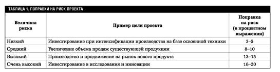 В общем случае, чем больше риск, ассоциируемый с проектом, тем выше должна быть величина премии, которая может определяться экспертным путем, по внутрифирменным процедурам, формальным или официальным методикам.
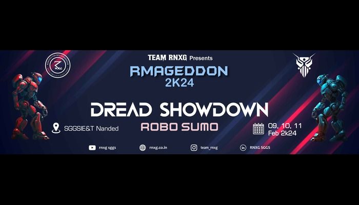 Welcome to RMAGEDDON Dread Showdown 2k24! This is a robot sumo competition. It's a place buzzing with innovation, where powerful robots go head-to-head in an exciting showdown. Get ready for an amazing display of advanced technology, clever strategies, and the quest for mastering skills. it's a strategic competition that showcases the latest in technology. In this competition, robots will go head-to-head, aiming to force their opponents out of the arena. Imagine the intense battles and the impressive skills of these robots that will defeat the opponent's robot in the battleground. As the competition unfolds, only one robot will emerge as the "Champion of Robosumo." Who will come out on top? Join us at RMAGEDDON Robosumo 2k24 for an exhilarating experience and witness the evolution of technology in action!
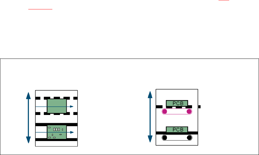 두 개의 컨베이어 벨트가 비어있거나 실장된 PCB 를 장비 아래에서 이송합니다 (341 페이지에
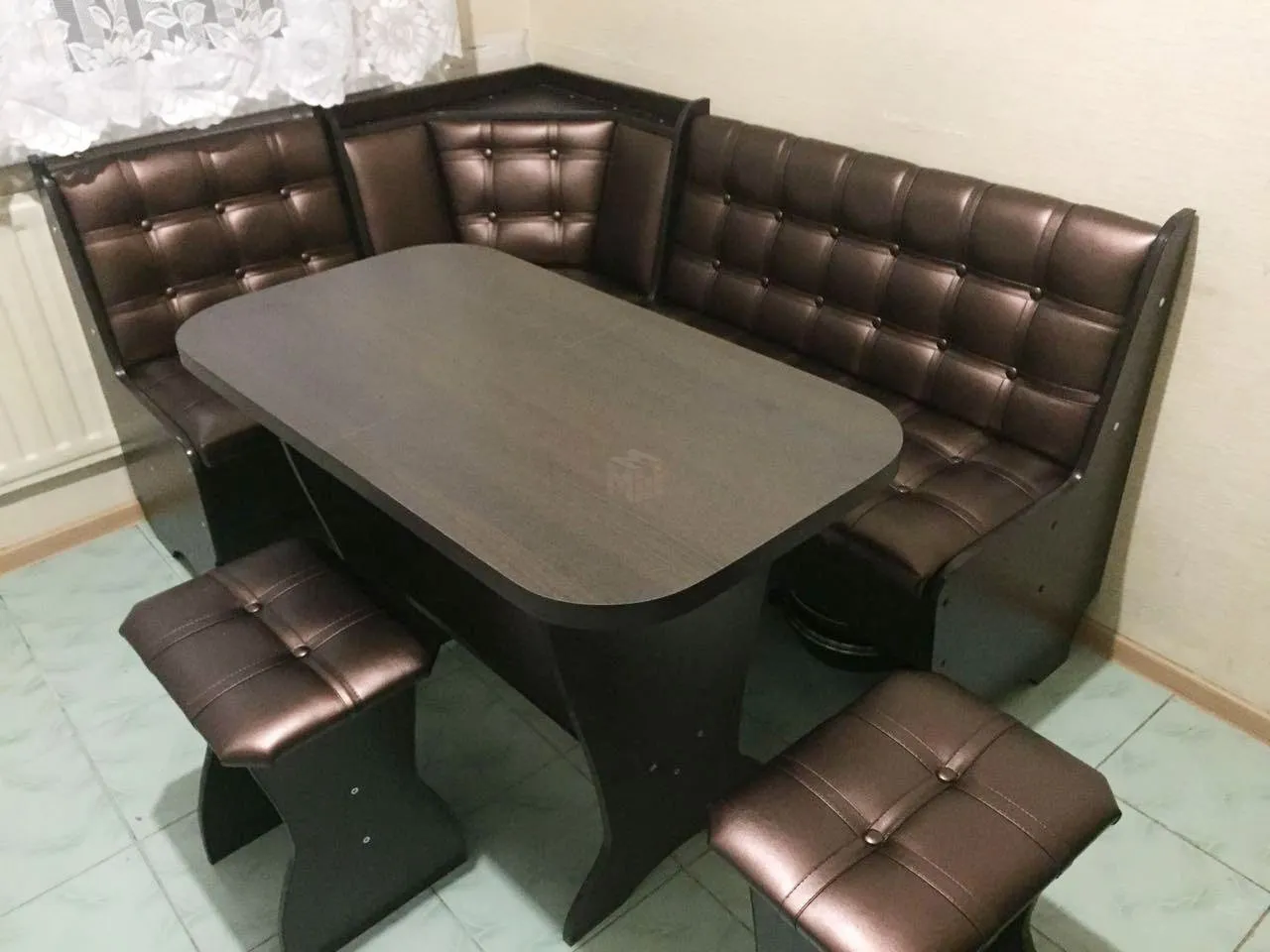 В комплекте: скамья угловая + стол + 2 табурета.

## What you need to do
Transcribe the lines above exactly, setting aside any picture among them.

## Solution
 В общем случае, чем больше риск, ассоциируемый с проектом, тем выше должна быть величина премии, которая может определяться экспертным путем, по внутрифирменным процедурам, формальным или официальным методикам.
 Welcome to RMAGEDDON Dread Showdown 2k24! This is a robot sumo competition. It's a place buzzing with innovation, where powerful robots go head-to-head in an exciting showdown. Get ready for an amazing display of advanced technology, clever strategies, and the quest for mastering skills. it's a strategic competition that showcases the latest in technology. In this competition, robots will go head-to-head, aiming to force their opponents out of the arena. Imagine the intense battles and the impressive skills of these robots that will defeat the opponent's robot in the battleground. As the competition unfolds, only one robot will emerge as the "Champion of Robosumo." Who will come out on top? Join us at RMAGEDDON Robosumo 2k24 for an exhilarating experience and witness the evolution of technology in action!
 두 개의 컨베이어 벨트가 비어있거나 실장된 PCB 를 장비 아래에서 이송합니다 (341 페이지에
 В комплекте: скамья угловая + стол + 2 табурета.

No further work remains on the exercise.